Two Dartmouth residents fight back against hunger

Apr 7, 2016

Combatting hunger is not the easiest undertaking but the Dartmouth Grange took the time to commend two women for their tireless work in feeding the hungry.

On Tuesday, April 5, the Grange in honoring two Dartmouth residents with its annual Community Citizen Award. Susan Murray Wood of Apponaganset Farm and the Livestock Institute of Southern New England and UMass Dartmouth Senior Gabrielle Monteiro were honored because of their dedication to combating hunger and their commitment to expanding access to locally grown food.

A native of Dartmouth, Wood has worked in sustainable agriculture for seven years with livestock and vegetable farms.
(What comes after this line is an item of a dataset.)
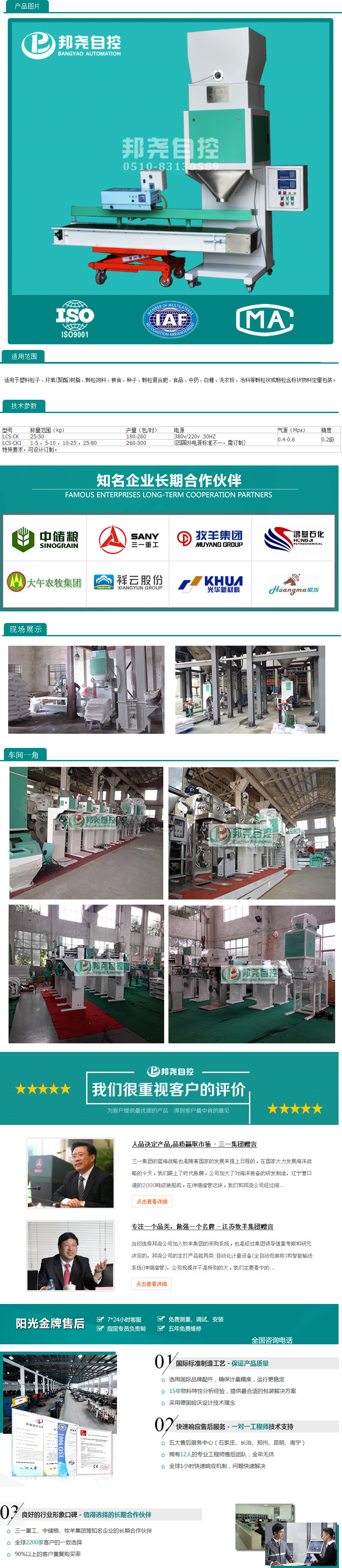 適用于塑料粒子、環氧(聚酯)樹脂、顆粒飼料、糧食、種子、顆粒復合肥、食品、中藥、白糖、洗衣粉、湯料等顆粒狀或顆粒含粉狀物料定量包裝。

She currently serves as the Association Manager of the Livestock Institute of Southern New England and is a co-owner and farmer at Apponagansett Farm along with her husband, Tony Wood.

"Everyone should have access to high-quality, locally grown food regardless of where they live or their economic status,” Wood said. She is committed to eliminating socio-economic barriers to local sustainably grown food.

Susan and Tony reached out to local non-profit organizations to initiate a subsidized CSA program for low income residents in the city of New Bedford. In 2015, the program served 20 people. In 2016, it will serve about 50 now that other area farms have joined the project

At the ceremony, Jamie Jacquart, the UMass Dartmouth Assistant Director of Campus and Community Sustainability, lauded Monteiro for her accomplishments and discussed her multiple feats against hunger.

Monteiro has been “the driving engine behind UMD Grows, UMD Hunger Initiative and the UMass Dartmouth Food Pantry,” said English Professor Anica Cox. Monteiro, a political science major with a minor in sustainability, is the co-founder and president of the UMass Dartmouth Hunger Initiative. The organization is dedicated to identifying and mapping out the cause of food insecurity and develop community-driven food justice gardens with a focus on the key principles of permaculture: care for people, care for the earth and care for surplus.

Monteiro is also active in the UMass food pantry which addresses the food security needs of the often overlooked UMass student population and UMD Grows as a "hands on" research intern alongside permaculturist Lydia Sylvia.

The honorees received certificates and an engraved  model of the Grange Hall from Dartmouth Grange President, Allen Manley, Jr.